Extracted information -
───
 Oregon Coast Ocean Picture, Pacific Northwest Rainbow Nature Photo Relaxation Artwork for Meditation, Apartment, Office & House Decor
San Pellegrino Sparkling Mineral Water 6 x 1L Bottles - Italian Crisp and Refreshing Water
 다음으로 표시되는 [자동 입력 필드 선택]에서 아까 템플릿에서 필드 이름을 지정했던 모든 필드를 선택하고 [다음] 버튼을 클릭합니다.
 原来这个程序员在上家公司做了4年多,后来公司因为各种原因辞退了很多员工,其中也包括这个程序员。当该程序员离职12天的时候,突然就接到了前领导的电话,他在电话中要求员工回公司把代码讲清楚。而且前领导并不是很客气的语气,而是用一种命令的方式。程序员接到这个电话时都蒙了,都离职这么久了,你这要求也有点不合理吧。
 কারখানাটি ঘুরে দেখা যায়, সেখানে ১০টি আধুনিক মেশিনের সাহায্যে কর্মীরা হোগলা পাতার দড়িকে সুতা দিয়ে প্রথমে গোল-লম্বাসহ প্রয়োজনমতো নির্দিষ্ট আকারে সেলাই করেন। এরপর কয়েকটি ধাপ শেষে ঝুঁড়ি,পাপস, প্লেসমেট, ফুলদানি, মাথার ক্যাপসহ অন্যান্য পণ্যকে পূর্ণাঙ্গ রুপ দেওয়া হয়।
───
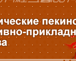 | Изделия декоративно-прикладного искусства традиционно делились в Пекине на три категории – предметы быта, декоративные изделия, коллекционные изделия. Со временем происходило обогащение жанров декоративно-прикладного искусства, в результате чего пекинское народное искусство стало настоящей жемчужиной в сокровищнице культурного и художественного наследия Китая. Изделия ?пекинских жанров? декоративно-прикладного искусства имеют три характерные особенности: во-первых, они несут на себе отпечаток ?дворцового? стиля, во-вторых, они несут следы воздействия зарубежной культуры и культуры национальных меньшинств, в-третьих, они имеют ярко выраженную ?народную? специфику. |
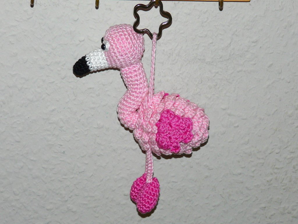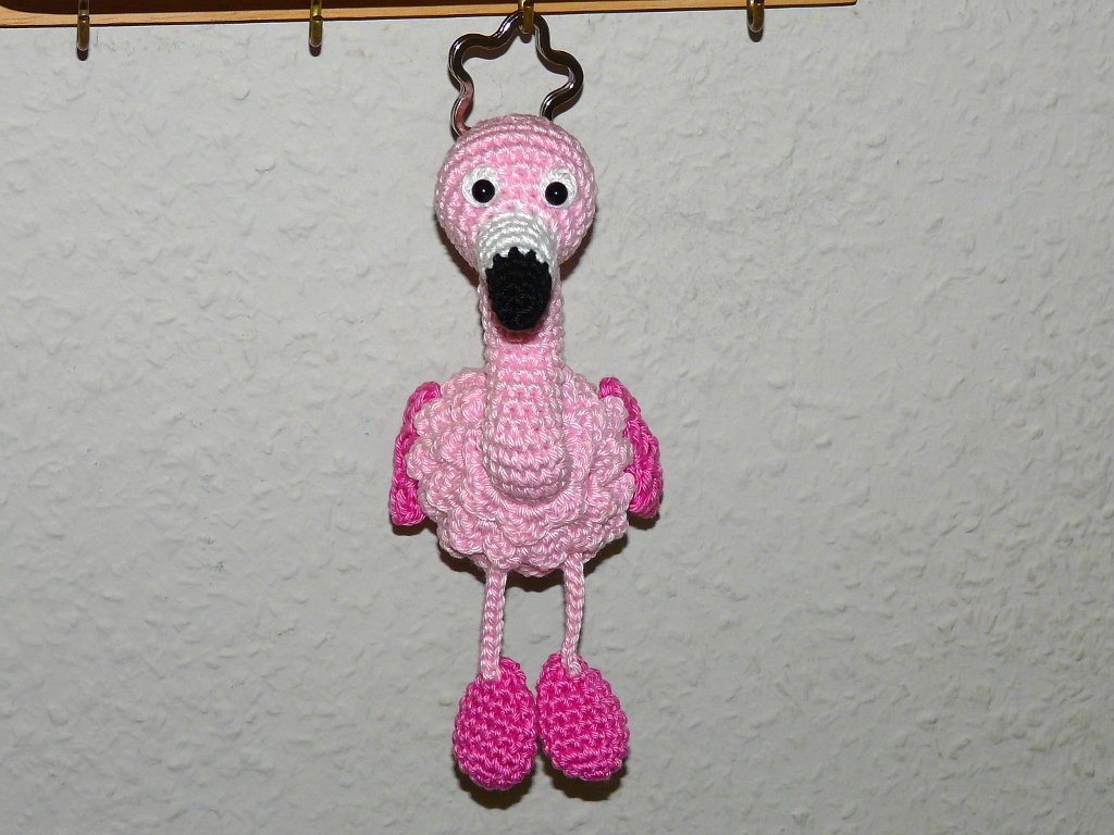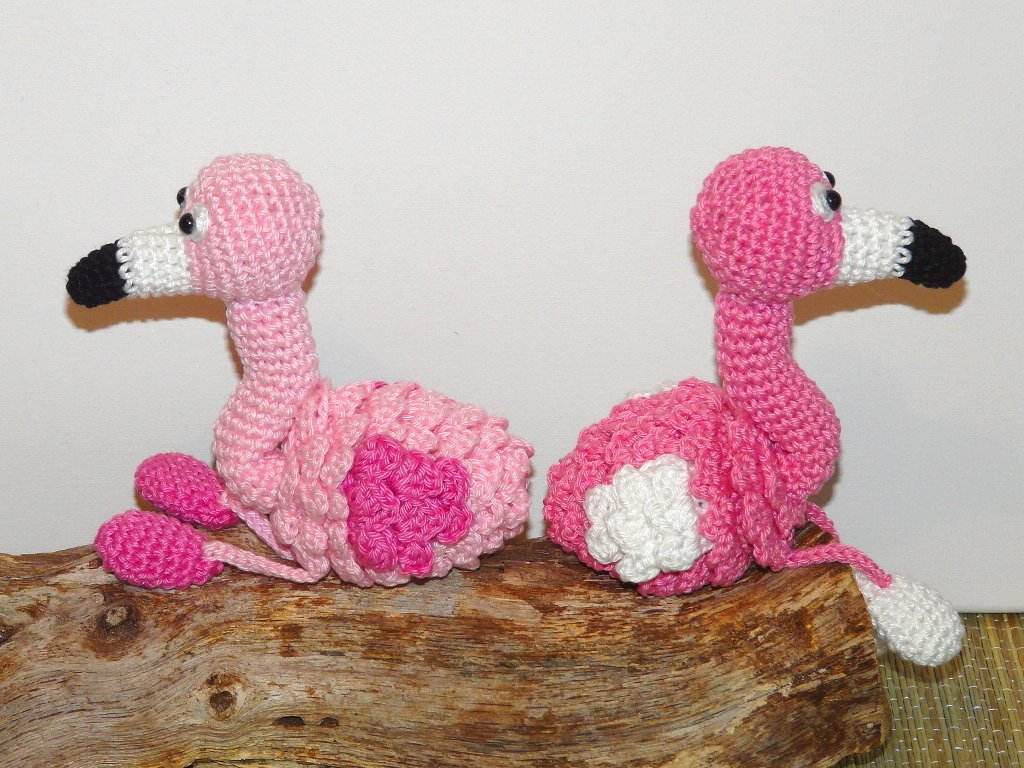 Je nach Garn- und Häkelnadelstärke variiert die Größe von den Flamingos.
───
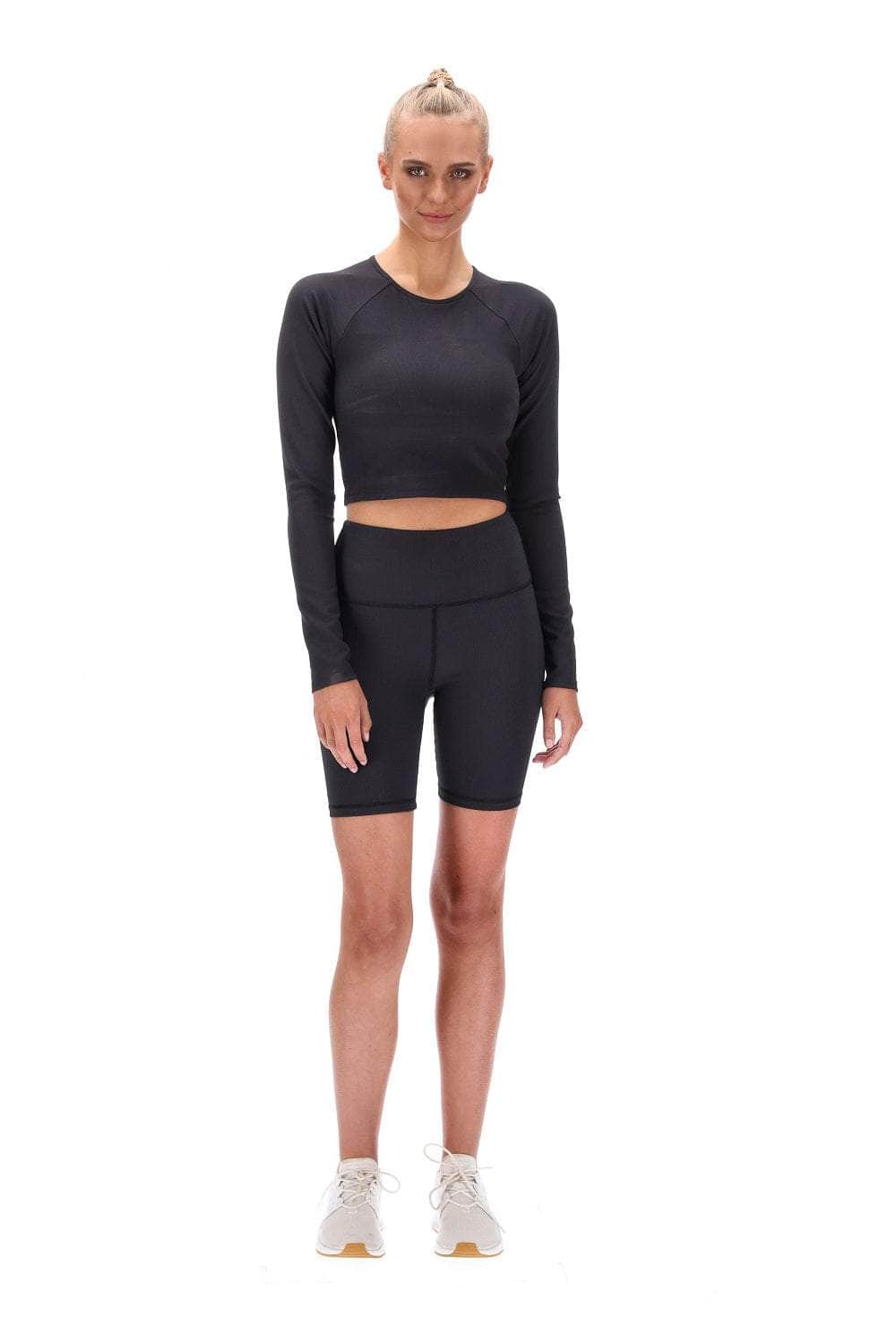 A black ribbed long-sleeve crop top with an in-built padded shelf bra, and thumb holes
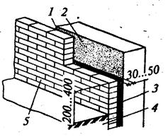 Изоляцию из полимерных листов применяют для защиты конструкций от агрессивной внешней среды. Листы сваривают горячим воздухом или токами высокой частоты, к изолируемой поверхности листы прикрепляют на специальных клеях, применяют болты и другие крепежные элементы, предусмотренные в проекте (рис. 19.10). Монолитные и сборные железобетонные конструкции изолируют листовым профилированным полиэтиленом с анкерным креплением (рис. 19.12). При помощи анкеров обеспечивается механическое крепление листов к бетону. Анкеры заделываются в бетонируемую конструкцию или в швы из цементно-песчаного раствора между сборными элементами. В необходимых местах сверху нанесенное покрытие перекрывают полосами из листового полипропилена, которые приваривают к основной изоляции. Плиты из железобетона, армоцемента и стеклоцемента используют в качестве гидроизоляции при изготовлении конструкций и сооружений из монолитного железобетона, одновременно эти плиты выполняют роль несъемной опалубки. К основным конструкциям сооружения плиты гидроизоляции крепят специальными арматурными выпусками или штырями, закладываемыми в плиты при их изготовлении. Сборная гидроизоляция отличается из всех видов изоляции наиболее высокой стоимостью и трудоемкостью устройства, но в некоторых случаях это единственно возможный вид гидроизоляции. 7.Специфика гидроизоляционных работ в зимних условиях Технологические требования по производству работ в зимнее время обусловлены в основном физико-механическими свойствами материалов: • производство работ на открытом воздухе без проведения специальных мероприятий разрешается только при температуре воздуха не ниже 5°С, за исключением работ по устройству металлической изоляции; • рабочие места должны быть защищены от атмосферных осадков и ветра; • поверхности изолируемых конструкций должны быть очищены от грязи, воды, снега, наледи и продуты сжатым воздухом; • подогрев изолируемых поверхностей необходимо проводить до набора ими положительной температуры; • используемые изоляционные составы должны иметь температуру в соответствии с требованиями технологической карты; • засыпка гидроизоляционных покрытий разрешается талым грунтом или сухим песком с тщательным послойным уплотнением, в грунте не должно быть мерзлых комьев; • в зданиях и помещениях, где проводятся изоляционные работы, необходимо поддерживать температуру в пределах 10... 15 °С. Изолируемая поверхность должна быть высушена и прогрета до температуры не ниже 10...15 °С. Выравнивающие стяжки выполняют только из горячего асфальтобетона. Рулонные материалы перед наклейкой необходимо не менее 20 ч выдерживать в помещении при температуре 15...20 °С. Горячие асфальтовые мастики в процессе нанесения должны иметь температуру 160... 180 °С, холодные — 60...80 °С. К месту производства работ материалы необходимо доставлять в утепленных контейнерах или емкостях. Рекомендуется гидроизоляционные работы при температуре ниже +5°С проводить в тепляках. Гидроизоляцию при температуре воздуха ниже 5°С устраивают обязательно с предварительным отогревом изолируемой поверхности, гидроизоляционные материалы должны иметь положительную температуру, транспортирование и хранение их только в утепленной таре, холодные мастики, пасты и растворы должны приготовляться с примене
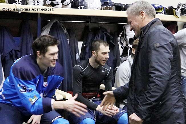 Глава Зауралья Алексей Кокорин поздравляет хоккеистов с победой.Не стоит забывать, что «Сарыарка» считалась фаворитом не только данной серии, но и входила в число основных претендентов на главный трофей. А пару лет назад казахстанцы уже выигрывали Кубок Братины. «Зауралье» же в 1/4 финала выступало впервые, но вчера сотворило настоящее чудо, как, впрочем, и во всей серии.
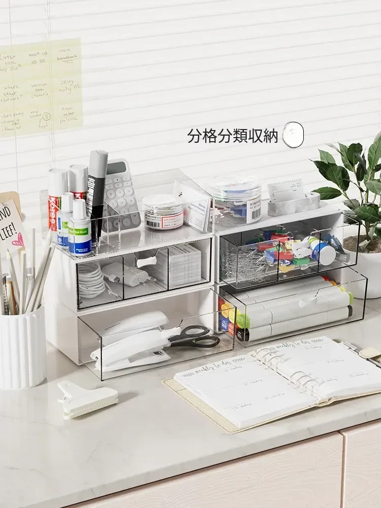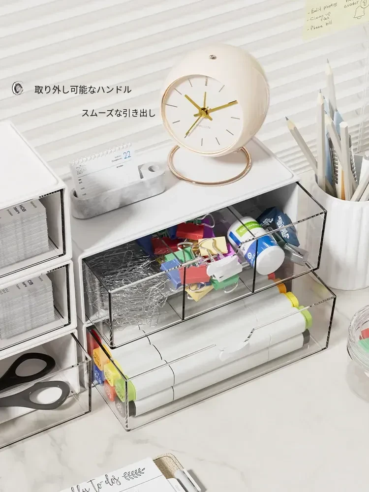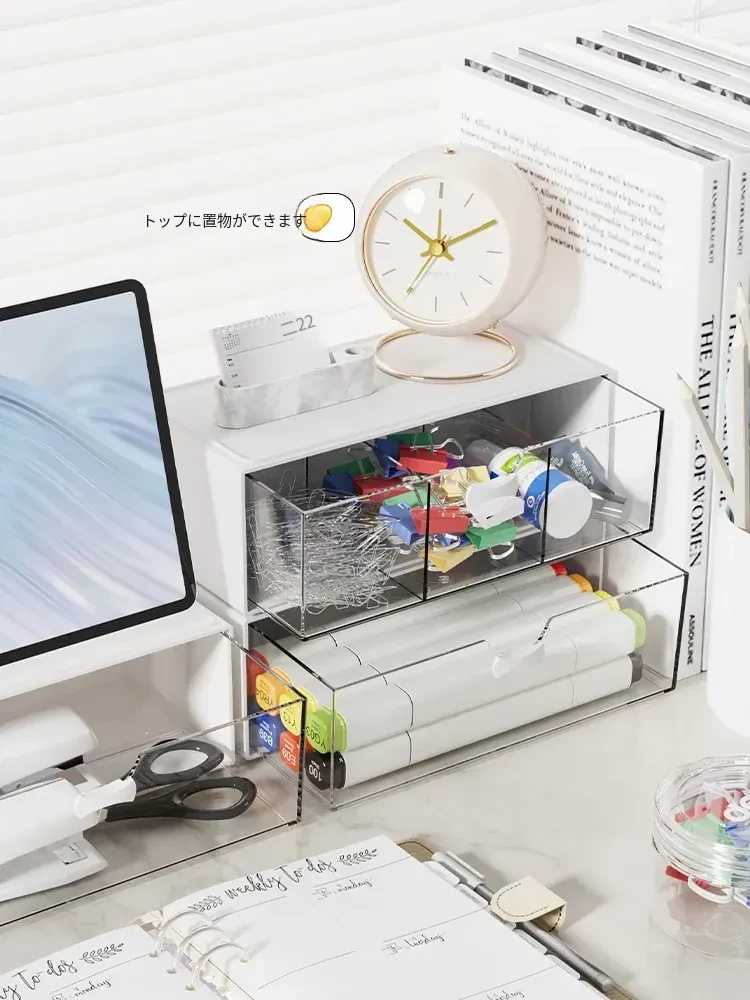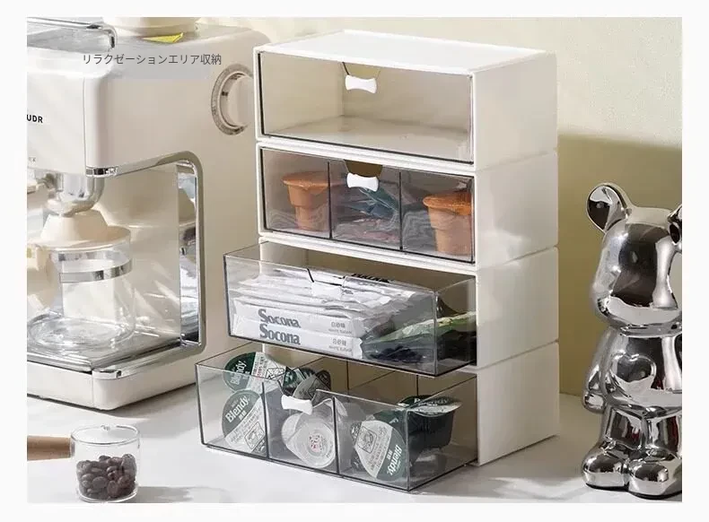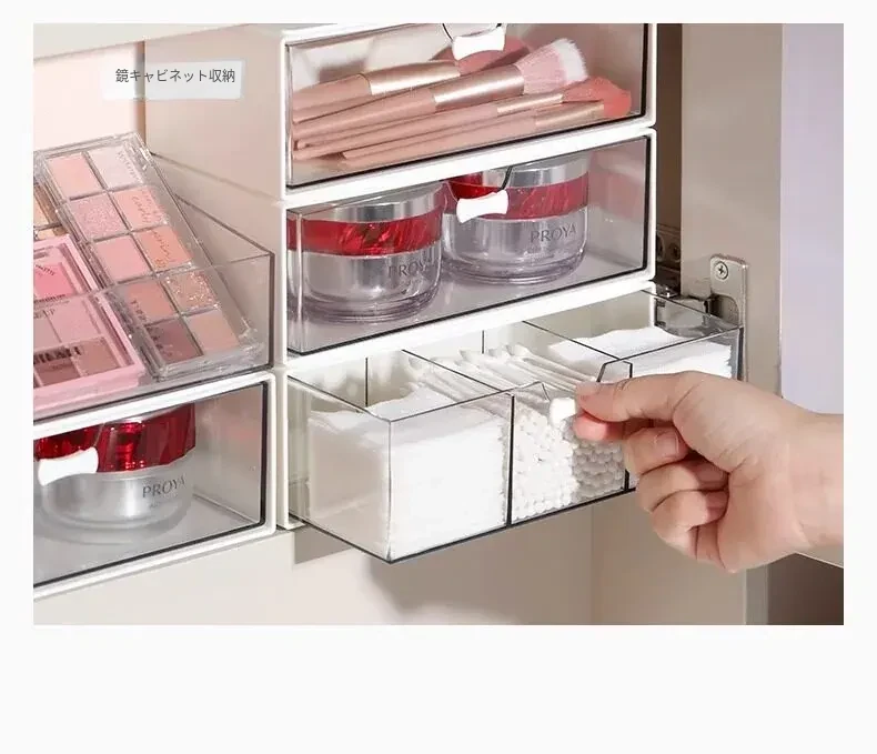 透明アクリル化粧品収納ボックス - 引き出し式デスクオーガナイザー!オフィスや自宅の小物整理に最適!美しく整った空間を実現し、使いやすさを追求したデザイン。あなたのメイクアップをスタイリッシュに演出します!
───
Work item -
Will you return exactly the lines above from the one with "Oregon Coast Ocean" down to the one with "原来这个程序员在上家公司做了", counting both as part of the range?

Response -
 Oregon Coast Ocean Picture, Pacific Northwest Rainbow Nature Photo Relaxation Artwork for Meditation, Apartment, Office & House Decor
San Pellegrino Sparkling Mineral Water 6 x 1L Bottles - Italian Crisp and Refreshing Water
 다음으로 표시되는 [자동 입력 필드 선택]에서 아까 템플릿에서 필드 이름을 지정했던 모든 필드를 선택하고 [다음] 버튼을 클릭합니다.
 原来这个程序员在上家公司做了4年多,后来公司因为各种原因辞退了很多员工,其中也包括这个程序员。当该程序员离职12天的时候,突然就接到了前领导的电话,他在电话中要求员工回公司把代码讲清楚。而且前领导并不是很客气的语气,而是用一种命令的方式。程序员接到这个电话时都蒙了,都离职这么久了,你这要求也有点不合理吧。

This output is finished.